Une journée dans un service aérien d'entreprise commence environ deux heures avant l'arrivée des passagers. L'équipage consulte la météo et les NOTAM, dépose le plan de vol (les vols internationaux exigent des autorisations, des formalités douanières et des agents d'assistance réservés plusieurs jours à l'avance), vérifie l'état de maintenance de l'appareil et effectue le tour extérieur de prévol. Le membre d'équipage de cabine, s'il y en a un, charge le catering et prépare la cabine.

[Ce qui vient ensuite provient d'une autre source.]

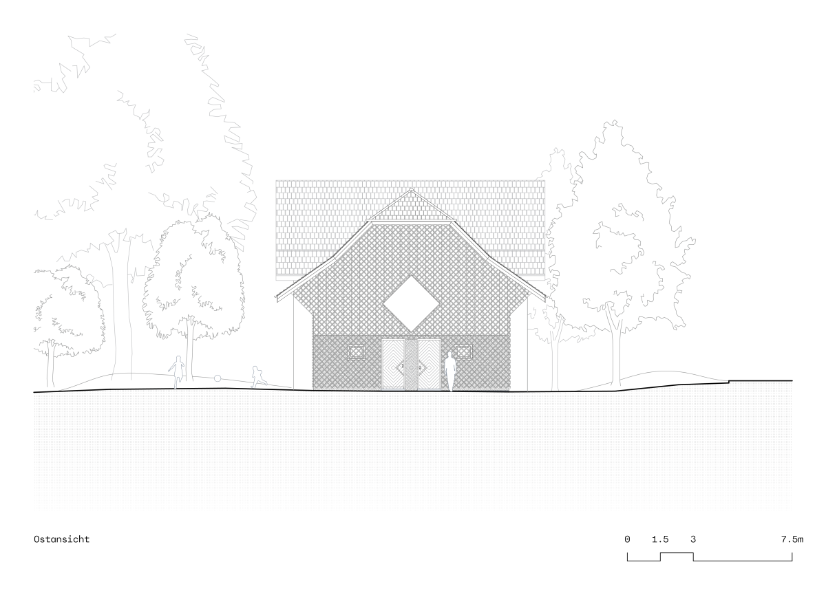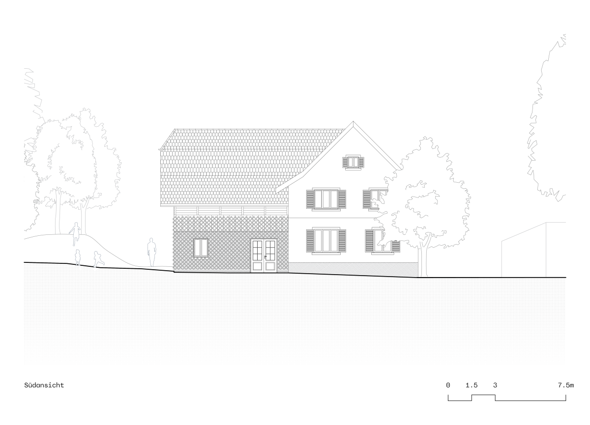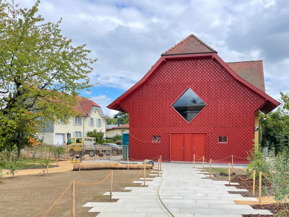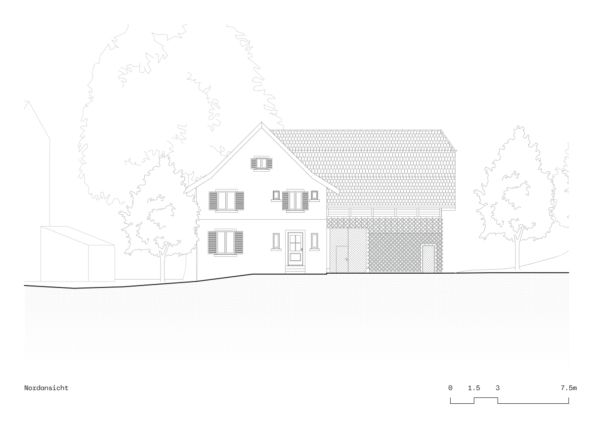 Das Haupthaus wird in den kommenden Jahren von der Gemeinde einer neuen Nutzung zugeführt. Die angrenzende Scheune übernimmt dabei eine wichtige städtebauliche Rolle: Sie bildet das vis-à-vis des Kindergartens und zugleich den räumlichen Abschluss des Aussenspielbereichs.

Les passagers arrivent quinze minutes avant le départ et l'appareil s'en va. Un vol intérieur peut être Chicago - Los Angeles, quatre heures de vol, cinq heures d'attente au FBO et quatre heures de vol retour : une journée de service de 14 heures. Le vol d'entreprise sous Part 91 n'a pas de limites réglementaires de temps de service, si bien que les services aériens responsables fixent les leurs, généralement 14 heures de service et 10 heures de repos. L'affrètement sous Part 135 a des limites légales : 14 heures de service, 10 heures de repos et un maximum de 8 ou 10 heures de vol selon la composition de l'équipage.

Les vols internationaux sont d'une autre nature. Un Gulfstream reliant New York à Hong Kong embarque trois ou quatre pilotes qui se relaient dans un espace de repos équipage sur un vol de 16 heures. À l'arrivée, l'équipage reste à l'hôtel trois ou quatre jours jusqu'à ce que le patron ait terminé, puis rentre. Un commandant de bord expérimenté sur Gulfstream peut être absent de chez lui 12 à 15 nuits par mois.

La variable qui surprend les non-initiés, c'est l'attente. Les pilotes d'affaires passent énormément de temps dans les salons d'équipage des FBO et dans des chambres d'hôtel, d'astreinte, sans pouvoir s'éloigner, sans être payés explicitement pour cette attente. C'est la raison pour laquelle le métier est rémunéré à ce niveau.

Les vérités peu glamour

  • Vous n'êtes pas l'ami du client. Les meilleurs pilotes d'affaires sont discrets jusqu'à l'invisibilité. Des propriétaires qui volent avec le même équipage depuis dix ans connaissent parfois le prénom de leurs pilotes et guère plus.
  • L'appareil est une responsabilité de 70 millions de dollars. Un atterrissage dur, une sortie de piste ou une infraction met fin à une carrière.
  • C'est un petit monde. Il existe peut-être 2 000 à 3 000 pilotes qualifiés G650 sur Terre. Les réputations voyagent.
  • La pénurie de pilotes est réelle. Les compagnies aériennes ont recruté agressivement jusqu'en 2025, les services aériens ont perdu des commandants et les rémunérations ont suivi. Pour un jeune de 25 ans qui commence aujourd'hui, le chemin vers un Gulfstream est plus court qu'il ne l'a été depuis une génération. Il reste d'une décennie.